Shizuka Kudo chronology
| My Precious: Shizuka Sings Songs of Miyuki (2008) | My Treasure Best: Miyuki Nakajima × Tsugutoshi Gotō Collection (2015) | My Heartful Best: Gorō Matsui Collection (2016) |

= My Treasure Best: Miyuki Nakajima × Tsugutoshi Gotō Collection =

My Treasure Best: Miyuki Nakajima × Tsugutoshi Gotō Collection (My Treasure Best -みゆき×コレクション-, My Treasure Best: Nakajima Miyuki × Gotō Tsugutoshi Korekushon) is the thirteenth compilation album by Japanese singer Shizuka Kudo. It was released on February 18, 2015, through Pony Canyon. It was released as a high-resolution digital download one week in advance, on February 11, 2015, on the music store Mora.

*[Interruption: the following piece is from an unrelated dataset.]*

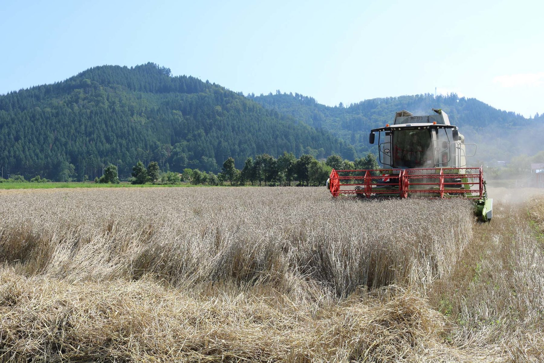 Regional erzeugtes, ohne Pflanzenschutzmittel angebautes Getreide ist der Hauptbestandteil des kernigen Naturpark-Brotes, das seit 2020 das Angebot heimischer Lebensmittel erweitert. Jetzt wurden Dinkel und Weizen geerntet – unter anderem bei Landwirt Robert Schwendemann in Fröschbach.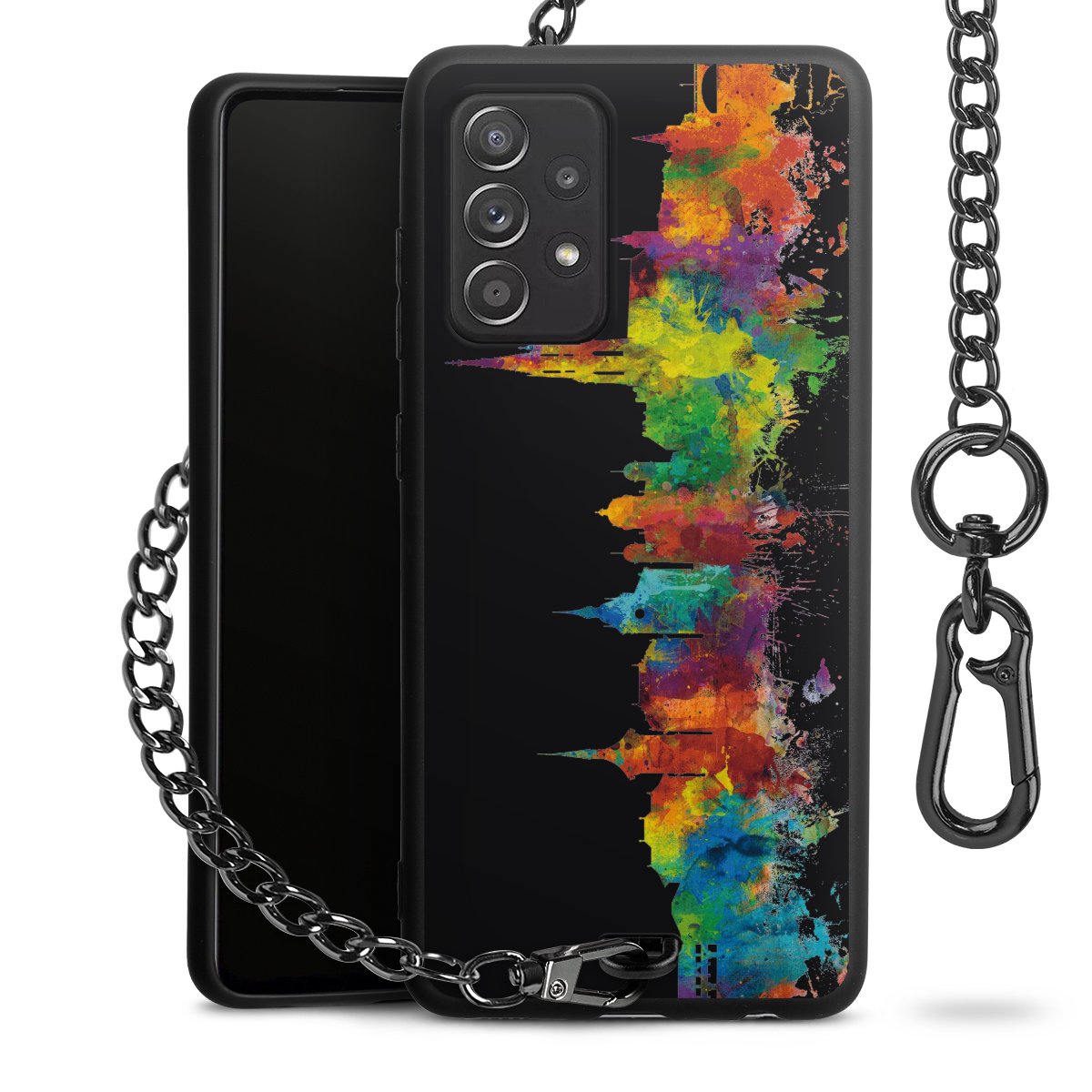 • Mattschwarze Handyhülle mit Metallkette

The album features all the songs co-written by Miyuki Nakajima and Tsugutoshi Gotō Kudo has released since her debut album. It also includes a new song, "Tan Jun Ai vs Hontō no Ai", which was recorded specifically for the album.

==Background==
My Treasure Best: Miyuki Nakajima × Tsugutoshi Gotō Collection is a compilation album featuring songs co-written by Miyuki Nakajima and Tsugutoshi Gotō released by Kudo throughout her career. It includes seventeen songs, spread out over two discs, ranging from their first collaboration, "Fu-ji-tsu" (1988), all the way to "Tanin no Machi" and "Sono Ato wa Ame no Naka", from the album Rise Me (1993). The compilation also includes a new song; Nakajima and Gotō co-wrote "Tan Jun Ai vs Hontō no Uso", which Kudo recorded for the album and is included as a bonus track. The song marks the first collaboration between the three of them in twenty-two years. During a talk show organized by Tsutaya to promote the album, Kudo explained that, when Nakajima handed her the lyrics to the song, she made sure to specify that the proper pronunciation for the abbreviated "vs" in the song's title is "vee ess" and not "versus".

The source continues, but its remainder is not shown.